:: DATA EXTRACT ::
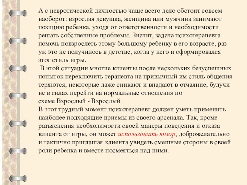 В этой ситуации многие клиенты после нескольких безуспешных попыток переключить терапевта на привычный им стиль общения теряются, некоторые даже сникают и впадают в отчаяние, будучи не в силах перейти на нормальные отношения по схеме Взрослый - Взрослый.
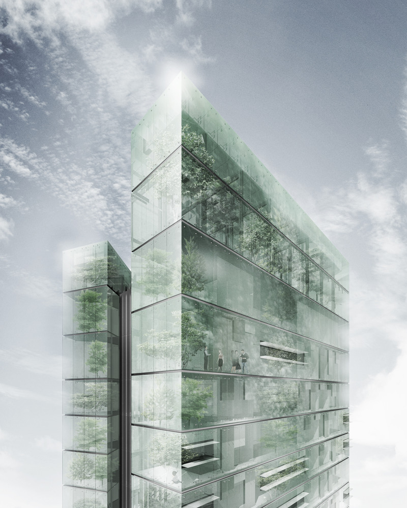 It expresses the volume as three ‘impossibly’ slender vertical glass billets, concealing the bulk within.  The towers are expressed as clear, simple but powerful forms which highlight a singular idea, ensuring they stand apart as iconic and memorable structures within the complexity of forms of adjacent buildings and within the city as a whole.
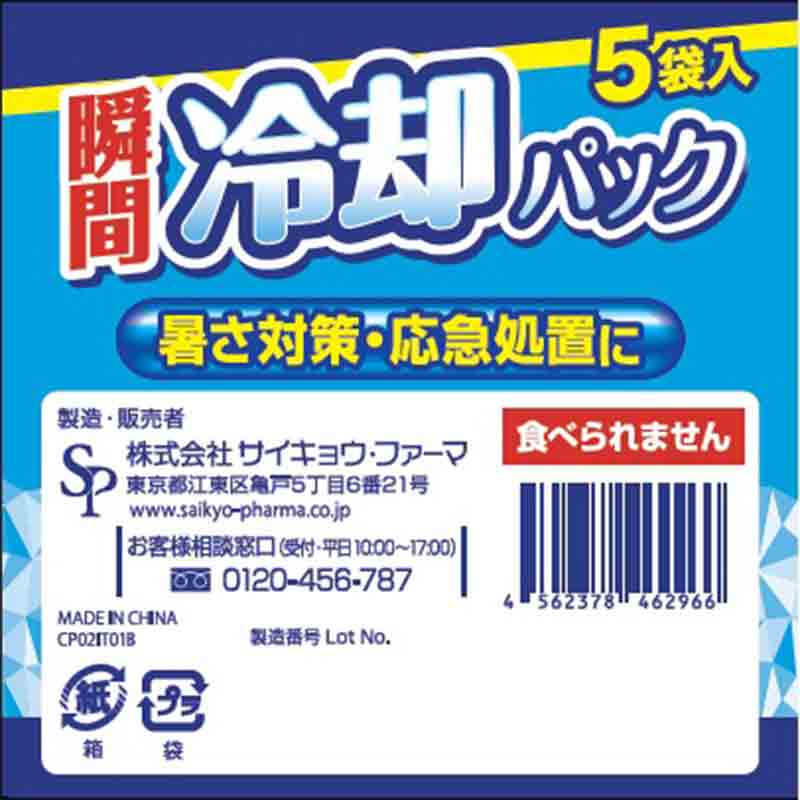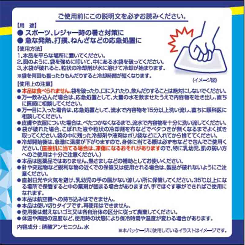 ●内容成分:硝酸アンモニウム、水 ●素材 箱:紙 袋:プラスチック ●内容量:5袋入

:: YOUR INSTRUCTIONS ::
Reproduce the material above in full, images excluded.

:: OUTPUT FOR THIS TASK ::
 В этой ситуации многие клиенты после нескольких безуспешных попыток переключить терапевта на привычный им стиль общения теряются, некоторые даже сникают и впадают в отчаяние, будучи не в силах перейти на нормальные отношения по схеме Взрослый - Взрослый.
 It expresses the volume as three ‘impossibly’ slender vertical glass billets, concealing the bulk within.  The towers are expressed as clear, simple but powerful forms which highlight a singular idea, ensuring they stand apart as iconic and memorable structures within the complexity of forms of adjacent buildings and within the city as a whole.
 ●内容成分:硝酸アンモニウム、水 ●素材 箱:紙 袋:プラスチック ●内容量:5袋入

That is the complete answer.